| Exercise |
Quote these lines exactly: the one that holds "Kapela: Júlia Kozáková/spev, Ľudovít" and every line after it to the end of the material below. Skip pictures.

| Data section |
• • • • •

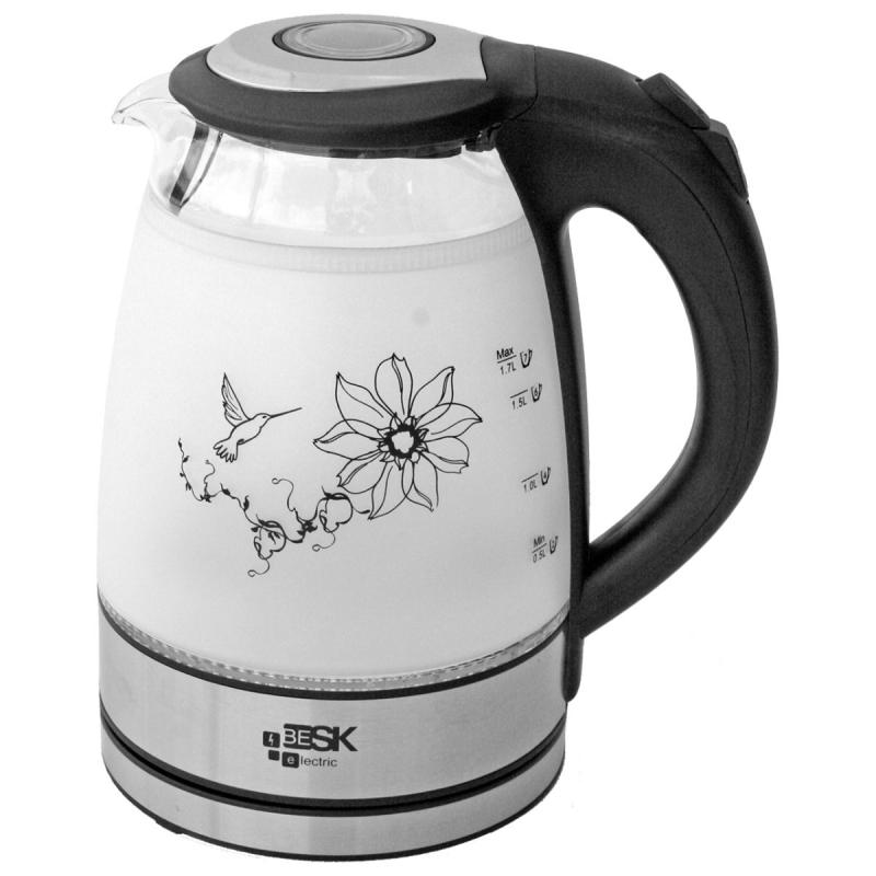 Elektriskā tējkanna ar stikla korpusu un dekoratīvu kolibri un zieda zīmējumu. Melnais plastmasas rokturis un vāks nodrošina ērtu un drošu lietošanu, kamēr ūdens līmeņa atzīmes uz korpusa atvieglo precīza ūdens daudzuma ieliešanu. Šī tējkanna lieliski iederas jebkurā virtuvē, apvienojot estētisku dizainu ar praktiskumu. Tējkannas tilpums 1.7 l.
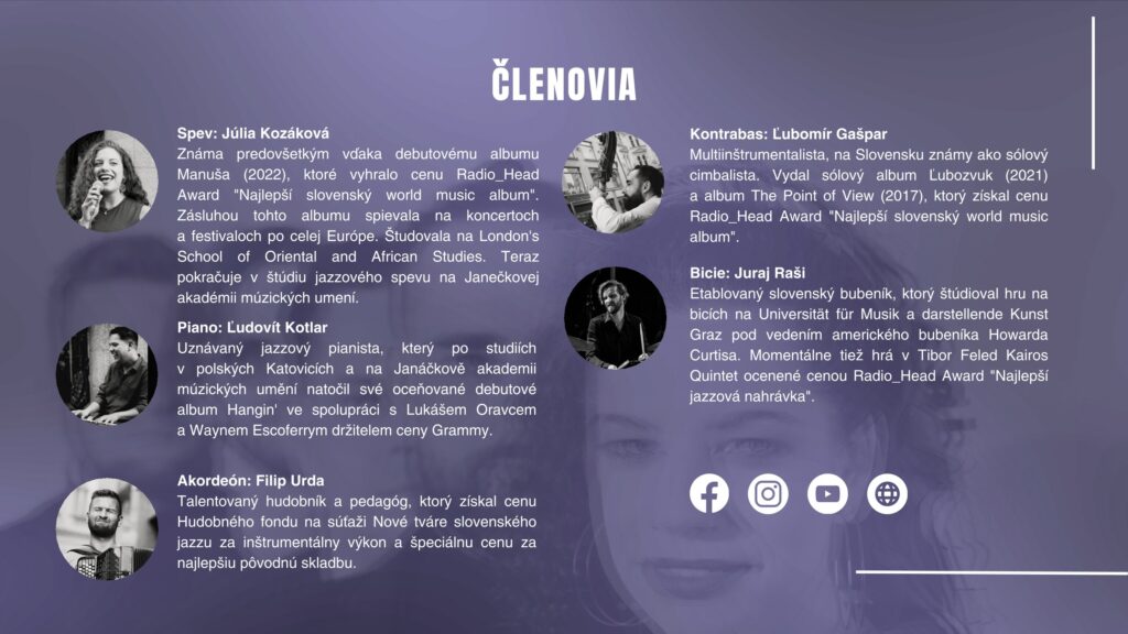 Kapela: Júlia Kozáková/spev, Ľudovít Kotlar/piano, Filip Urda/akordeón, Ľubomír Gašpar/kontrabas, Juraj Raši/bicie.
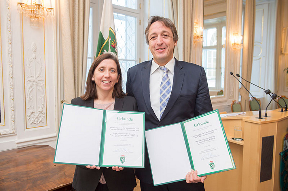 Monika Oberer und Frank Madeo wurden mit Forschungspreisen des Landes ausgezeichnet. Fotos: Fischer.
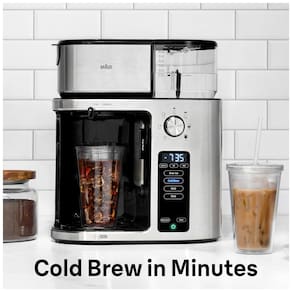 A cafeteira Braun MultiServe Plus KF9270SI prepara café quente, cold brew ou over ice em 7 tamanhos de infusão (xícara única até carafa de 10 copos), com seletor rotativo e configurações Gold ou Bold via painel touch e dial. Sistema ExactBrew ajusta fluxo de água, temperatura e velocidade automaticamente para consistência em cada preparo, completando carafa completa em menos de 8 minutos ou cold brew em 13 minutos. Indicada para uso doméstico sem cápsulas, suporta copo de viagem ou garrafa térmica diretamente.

• • • • •

| Result of the task |
 Kapela: Júlia Kozáková/spev, Ľudovít Kotlar/piano, Filip Urda/akordeón, Ľubomír Gašpar/kontrabas, Juraj Raši/bicie.
 Monika Oberer und Frank Madeo wurden mit Forschungspreisen des Landes ausgezeichnet. Fotos: Fischer.
 A cafeteira Braun MultiServe Plus KF9270SI prepara café quente, cold brew ou over ice em 7 tamanhos de infusão (xícara única até carafa de 10 copos), com seletor rotativo e configurações Gold ou Bold via painel touch e dial. Sistema ExactBrew ajusta fluxo de água, temperatura e velocidade automaticamente para consistência em cada preparo, completando carafa completa em menos de 8 minutos ou cold brew em 13 minutos. Indicada para uso doméstico sem cápsulas, suporta copo de viagem ou garrafa térmica diretamente.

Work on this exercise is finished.